Décidément, les PLFSS se révèlent être des sempiternels casse-têtes. Le cru 2025 ne déroge pas à ce qui devient une mauvaise règle. Et c’est peu dire que le gouvernement a « ramé » de toutes parts pour obtenir la neutralité des députés PS. À l’examen minutieux, trouver des mesures concrètes et documentées d’économies, ou plutôt de moindres dépenses s’apparente à un labyrinthe. Une inadéquation évidente avec la promesse faite par ce nouveau gouvernement de vouloir faire des prochains mois des marqueurs d’engagement et de sérieux. Pour paraphraser Alain Minc, nous avons accouché d’un texte « médiocre et raisonnable ». La tournure peut faire sourire mais au bout du bout, personne n’y trouvera son compte.
Nous payons une fois encore le déséquilibre issu de la nouvelle configuration politique au Parlement. Mais, pas que. Les dérapages des comptes sociaux sont une vieille histoire française qui tourne, les années passant, à la tradition. Aucune remise en question de l’existant n’est en vue. Aucun travail en profondeur sur la dynamique discutable des risques sociaux. Même la très (trop) prudente Assurance Maladie osait se montrer plus « bousculante » en préparation de ce PLFSS en proposant d’arrêter de rembourser les prescriptions faites par des médecins non conventionnés. Au-delà des quelques économies générées, cette mesure pouvait avoir le mérite d’envoyer un message face à la montée de la financiarisation du secteur tout en incitant les soignants à s’inscrire dans une démarche conventionnelle à coût maîtrisé pour le patient. Entendable à l’heure où le pouvoir d’achat demeure une préoccupation centrale. Résultat : à la trappe ! Trop osé dira-t-on pudiquement.

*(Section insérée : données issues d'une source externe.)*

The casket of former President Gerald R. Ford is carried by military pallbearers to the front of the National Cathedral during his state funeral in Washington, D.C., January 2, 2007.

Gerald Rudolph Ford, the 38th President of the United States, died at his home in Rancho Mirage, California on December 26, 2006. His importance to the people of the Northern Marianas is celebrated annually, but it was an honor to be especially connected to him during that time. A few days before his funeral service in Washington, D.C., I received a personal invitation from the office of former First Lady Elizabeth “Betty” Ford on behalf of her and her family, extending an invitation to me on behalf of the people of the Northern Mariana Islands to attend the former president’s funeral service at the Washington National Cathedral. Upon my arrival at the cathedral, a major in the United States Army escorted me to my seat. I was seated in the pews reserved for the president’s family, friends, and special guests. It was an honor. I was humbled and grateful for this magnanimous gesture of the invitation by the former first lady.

Que doivent penser nos voisins européens à commencer par nos amis espagnols et portugais qui, après avoir fourni des efforts collectifs de redressement considérable de leurs comptes publics dans la dernière décennie, nous voient renâcler à tous les niveaux bien que le défi auquel nous faisons désormais face est tout aussi colossal que fut le leur ? pensent-ils vraiment qu’une fois encore au pied mur, un sursaut français aura-t-il lieu ? Si c’est le cas, on aimerait les croire.